* _What you need to do_
Below are records that should be duplicated exactly, with no image retained.

* _Stored entries_
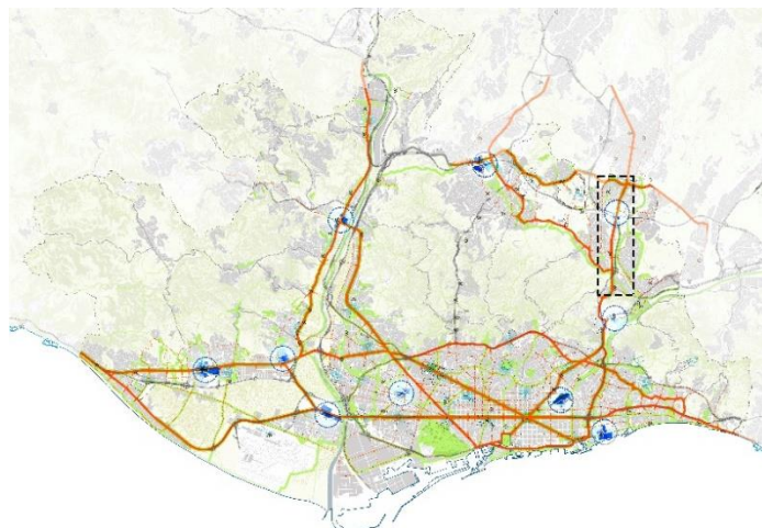
Tram objecte d'estudi de l'avinguda metropolitana que va del Fòrum a Sabadell

Per desenvolupar el seu PAI, l'AMB va triar l'àmbit de l'N-150, un tram d'una futura avinguda metropolitana que ha de connectar Sabadell amb el port del Fòrum a Barcelona.
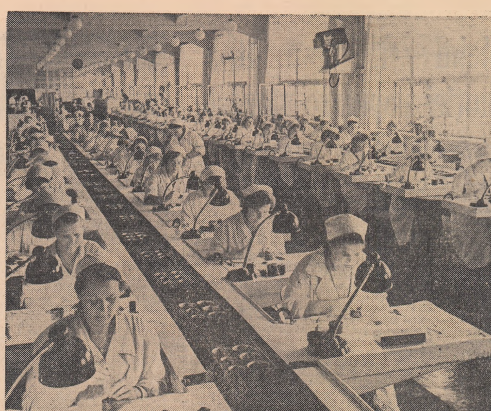
Aspect de la Uzina de optică mecanică GOMZ din Leningrad căreia i s-a decernat recent titlul de onoare de Uzina-fabrică pentru rezultatele foarte bune obținute în muncă. Actualmente, întreaga colecție uzinei luptă pentru cucerirea titlului de întreprindere de muncă comunistă. În fotografie: linile de asamblare a aparatelor fotografice „Neva”.

Încheierea Tratatului de prietenie, colaborare și asistență mutuală între Uniunea Sovietică și Coreea ca și semnarea Tratatului de prietenie, colaborare și asistență mutuală între China și Coreea reprezintă nu numai un eveniment important în viața politică a popoarelor celor trei țări — Coreea, Uniunea Sovietică și China, ci și un indiciu important al strinsei uniunii a lagărului socialist.
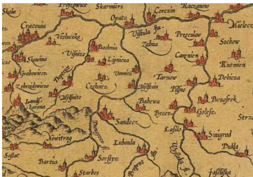
Fragment mapy „Południowa Polska - l sk, Małopolska, wi tokrzyskie, Mazowsze XVII w. (Polonie et Silesia)”.

Kanonicy z Trzciany zakupili przed rokiem 1529, znajduj c si na terenie swojej parafii, wie Bedlna (dzi Beldno). Spisana w roku 1529 „Liber retaxatorium” (Ksi ga dochodów) informuje o tym, e klasztor w Trzcianie pobierał z Trzciany: od karczmy 4 grzywny, z młyna 1 kop groszy, od kmieci 1 i pół grzywny i 6 groszy. Glinik uiszczal: z karczmy 1 kop , kmiecie 2 grzywny i 15 groszy. Zyznówka opłacała od 8 kmieci po 9 groszy, czyli 1 1/2 grzywny. Z Libichowej klasztor przyjmował opłat w wysoko ci: 1 kopy od młyna, 11/2 grzywny od karczmy i 4 grzywny od 4 zagrodników. Z Beldnej 8 kmieci płaciło 2 grzywny i 20 groszy. Z Sieradzki od kmiecia, czyli z karczmy 1 kop i 8 groszy. Z Uj cia 1 kmie płacił 1 grzywn i z połowy młyna opłacano 1 grzywn . Z Cichawki 1 zagrodnik oddawał 30 groszy. Nadto ze wszystkich wsi nale cych do parafii w Trzcianie nale ało si Kanonikom de Poenitentia meszne (nazwa podatku przysługuj cego parafii za odprawianie mszy w ko cie) w wysoko ci 6 1/2 grzywny i 12 groszy. Zsumowane dochody klasztoru z powy szego okresu wynosiły 44 grzywny i 35 groszy. Powy sze dane daj nam wyobra enie o strukturze społecznej i gospodarce tego terenu.
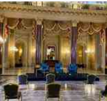
FOTO SLIDE NM - NAPOLI, PANORAMICA SULLA SALA PER LA CONFERENZA DI ADL ALL'HOTEL ST. REGIS A ROMA
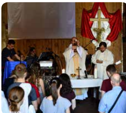
Hl. Messe in der Scheune
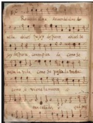
Recuerde el alma dormida. Francisco Guerrero. E-Bim 67
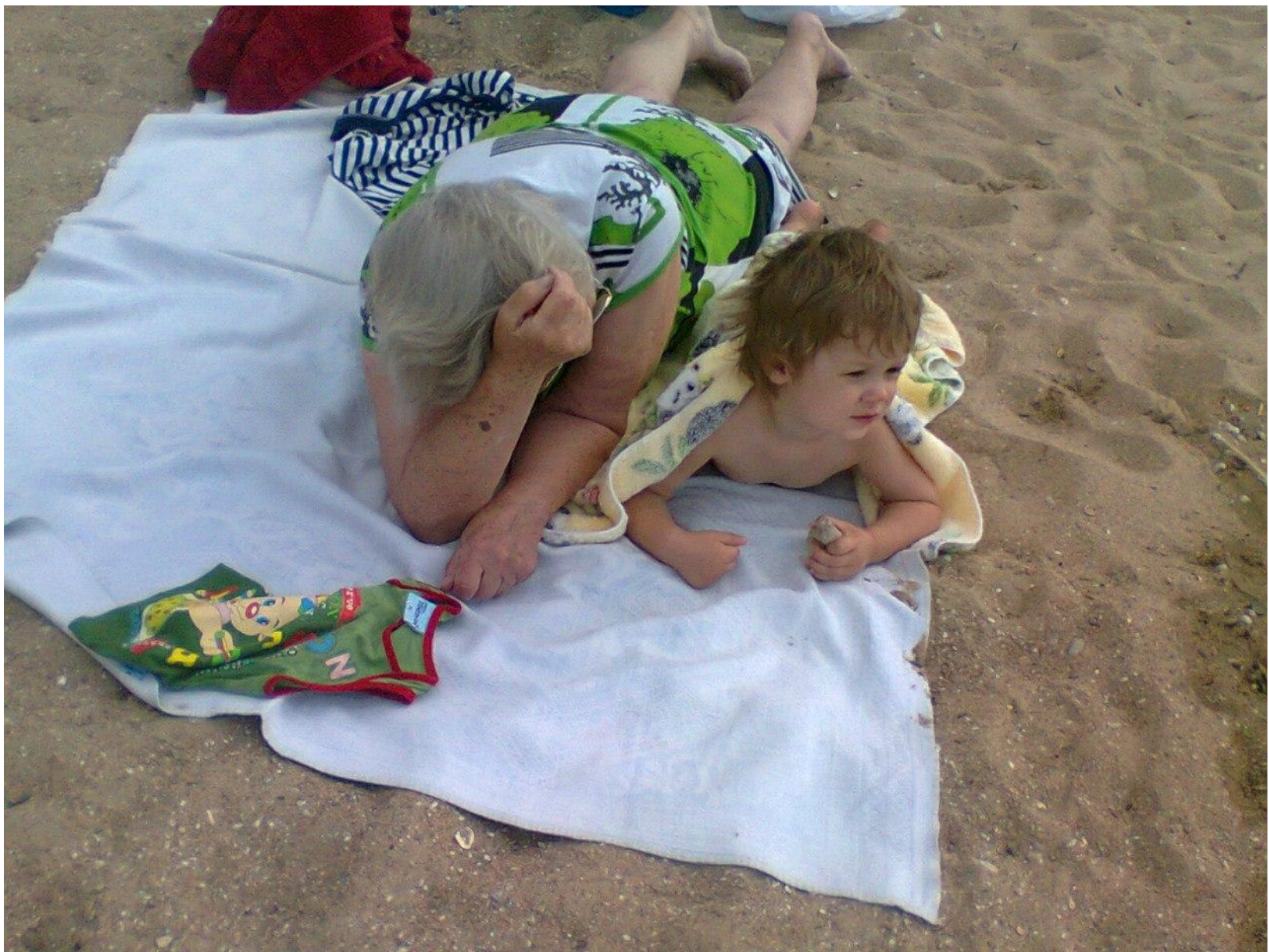
Водила нас на море
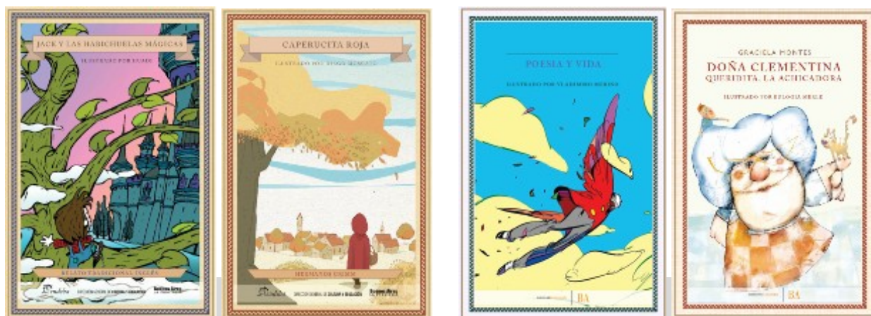
Diseño de tapa de la Primera entrega

Si bien todo el corpus sostiene una unidad desde el diseño y el concepto editorial, cada entrega presenta sus particularidades. Así, los libros de la Segunda entrega incluyen, a diferencia de la Primera, una guarda u hoja de respeto; un prólogo (en todos los casos escrito por Mempo Giardinelli); el espacio destinado para la escritura del nombre del alumno está jerarquizado desde el diseño, otorgándole una página entera; y tapa delantera y trasera tienen un diseño más estilizado, austero, con el nuevo logo institucional de la provincia.
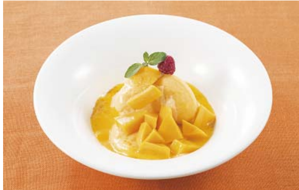
マンゴーパナッシェ 530円

4～5月に旬を迎えるフィリピン産マンゴー。デニーズでは鳥のくちばしに似た形から「ペリカンマンゴー」とも呼ばれている“カラバオ種”を用いたデザートをこの旬の時期に販売致します。タイミングを計って収穫、航空便輸送し、熟度管理した食べ頃のマンゴーを、最も美味しい状態でお客様のテーブルへとお届けします。フレッシュだからこそ味わって頂ける、口の中でとろける食感、甘みと酸味のバランスが絶妙なマンゴーを使った“デニーズならではの”デザートをお楽しみください。
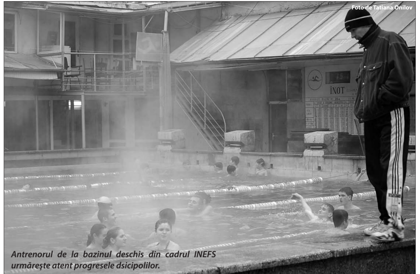
Antrenorul de la bazinul deschis din cadrul INEFS urmărește atent progresele discipolilor.
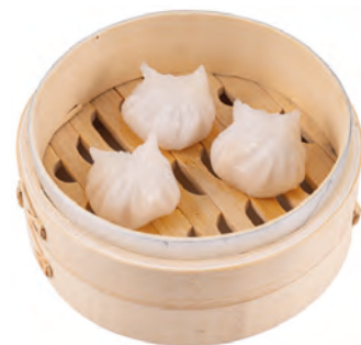
27 · GYOZA GAMBERO | € 7,50 Ravioli di pasta di riso ripieni di gamberi 5 PEZZI allergeni: 1-2-6-9-11-14
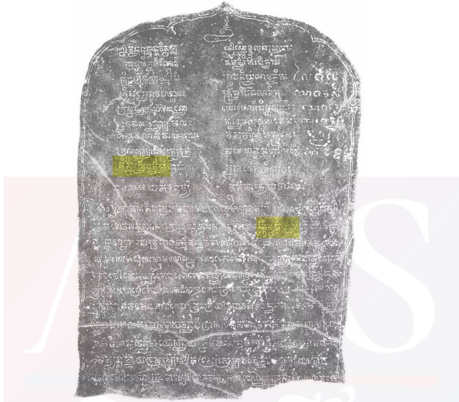
សិលាចារឹកប្រាសាទភ្នំជីសូរ K.32
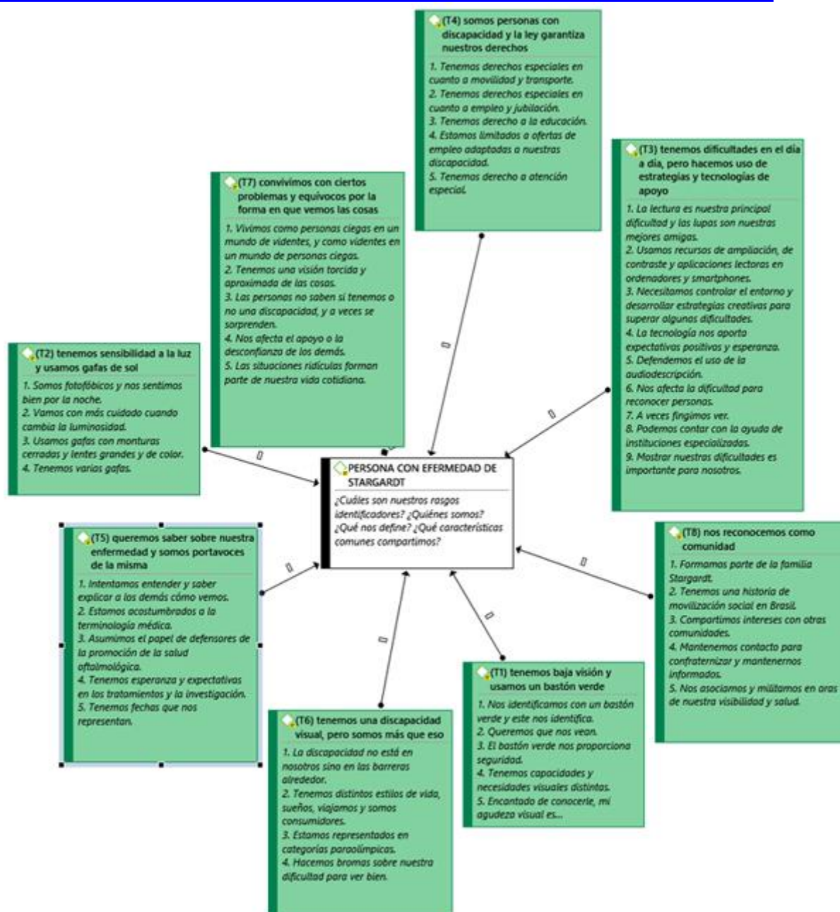
Fig. 2 - Rasgos identificadores de la persona con enfermedad de Stargardt.

Los tres primeros rasgos asocian la identidad de la persona con esta enfermedad a objetos que han sido incorporados a su rutina: el bastón, las gafas de sol y las tecnologías de apoyo. Los rasgos T4 y T5 representan el aspecto social recogido en la legislación y el papel de portavoces en la construcción social de su identidad. Los rasgos T6 y T7 constituyen aspectos de la vida diaria que los definen más allá de la enfermedad (como estilo de vida), pero vinculados a los problemas y equívocos inherentes a la baja visión. Por último, el rasgo T8 se refiere a la relación entre las personas con enfermedad de Stargardt, mediante su vinculación comunitaria e institucional.

* _Expected answer_
Tram objecte d'estudi de l'avinguda metropolitana que va del Fòrum a Sabadell

Per desenvolupar el seu PAI, l'AMB va triar l'àmbit de l'N-150, un tram d'una futura avinguda metropolitana que ha de connectar Sabadell amb el port del Fòrum a Barcelona.
Aspect de la Uzina de optică mecanică GOMZ din Leningrad căreia i s-a decernat recent titlul de onoare de Uzina-fabrică pentru rezultatele foarte bune obținute în muncă. Actualmente, întreaga colecție uzinei luptă pentru cucerirea titlului de întreprindere de muncă comunistă. În fotografie: linile de asamblare a aparatelor fotografice „Neva”.

Încheierea Tratatului de prietenie, colaborare și asistență mutuală între Uniunea Sovietică și Coreea ca și semnarea Tratatului de prietenie, colaborare și asistență mutuală între China și Coreea reprezintă nu numai un eveniment important în viața politică a popoarelor celor trei țări — Coreea, Uniunea Sovietică și China, ci și un indiciu important al strinsei uniunii a lagărului socialist.
Fragment mapy „Południowa Polska - l sk, Małopolska, wi tokrzyskie, Mazowsze XVII w. (Polonie et Silesia)”.

Kanonicy z Trzciany zakupili przed rokiem 1529, znajduj c si na terenie swojej parafii, wie Bedlna (dzi Beldno). Spisana w roku 1529 „Liber retaxatorium” (Ksi ga dochodów) informuje o tym, e klasztor w Trzcianie pobierał z Trzciany: od karczmy 4 grzywny, z młyna 1 kop groszy, od kmieci 1 i pół grzywny i 6 groszy. Glinik uiszczal: z karczmy 1 kop , kmiecie 2 grzywny i 15 groszy. Zyznówka opłacała od 8 kmieci po 9 groszy, czyli 1 1/2 grzywny. Z Libichowej klasztor przyjmował opłat w wysoko ci: 1 kopy od młyna, 11/2 grzywny od karczmy i 4 grzywny od 4 zagrodników. Z Beldnej 8 kmieci płaciło 2 grzywny i 20 groszy. Z Sieradzki od kmiecia, czyli z karczmy 1 kop i 8 groszy. Z Uj cia 1 kmie płacił 1 grzywn i z połowy młyna opłacano 1 grzywn . Z Cichawki 1 zagrodnik oddawał 30 groszy. Nadto ze wszystkich wsi nale cych do parafii w Trzcianie nale ało si Kanonikom de Poenitentia meszne (nazwa podatku przysługuj cego parafii za odprawianie mszy w ko cie) w wysoko ci 6 1/2 grzywny i 12 groszy. Zsumowane dochody klasztoru z powy szego okresu wynosiły 44 grzywny i 35 groszy. Powy sze dane daj nam wyobra enie o strukturze społecznej i gospodarce tego terenu.
FOTO SLIDE NM - NAPOLI, PANORAMICA SULLA SALA PER LA CONFERENZA DI ADL ALL'HOTEL ST. REGIS A ROMA
Hl. Messe in der Scheune
Recuerde el alma dormida. Francisco Guerrero. E-Bim 67
Водила нас на море
Diseño de tapa de la Primera entrega

Si bien todo el corpus sostiene una unidad desde el diseño y el concepto editorial, cada entrega presenta sus particularidades. Así, los libros de la Segunda entrega incluyen, a diferencia de la Primera, una guarda u hoja de respeto; un prólogo (en todos los casos escrito por Mempo Giardinelli); el espacio destinado para la escritura del nombre del alumno está jerarquizado desde el diseño, otorgándole una página entera; y tapa delantera y trasera tienen un diseño más estilizado, austero, con el nuevo logo institucional de la provincia.
マンゴーパナッシェ 530円

4～5月に旬を迎えるフィリピン産マンゴー。デニーズでは鳥のくちばしに似た形から「ペリカンマンゴー」とも呼ばれている“カラバオ種”を用いたデザートをこの旬の時期に販売致します。タイミングを計って収穫、航空便輸送し、熟度管理した食べ頃のマンゴーを、最も美味しい状態でお客様のテーブルへとお届けします。フレッシュだからこそ味わって頂ける、口の中でとろける食感、甘みと酸味のバランスが絶妙なマンゴーを使った“デニーズならではの”デザートをお楽しみください。
Antrenorul de la bazinul deschis din cadrul INEFS urmărește atent progresele discipolilor.
27 · GYOZA GAMBERO | € 7,50 Ravioli di pasta di riso ripieni di gamberi 5 PEZZI allergeni: 1-2-6-9-11-14
សិលាចារឹកប្រាសាទភ្នំជីសូរ K.32
Fig. 2 - Rasgos identificadores de la persona con enfermedad de Stargardt.

Los tres primeros rasgos asocian la identidad de la persona con esta enfermedad a objetos que han sido incorporados a su rutina: el bastón, las gafas de sol y las tecnologías de apoyo. Los rasgos T4 y T5 representan el aspecto social recogido en la legislación y el papel de portavoces en la construcción social de su identidad. Los rasgos T6 y T7 constituyen aspectos de la vida diaria que los definen más allá de la enfermedad (como estilo de vida), pero vinculados a los problemas y equívocos inherentes a la baja visión. Por último, el rasgo T8 se refiere a la relación entre las personas con enfermedad de Stargardt, mediante su vinculación comunitaria e institucional.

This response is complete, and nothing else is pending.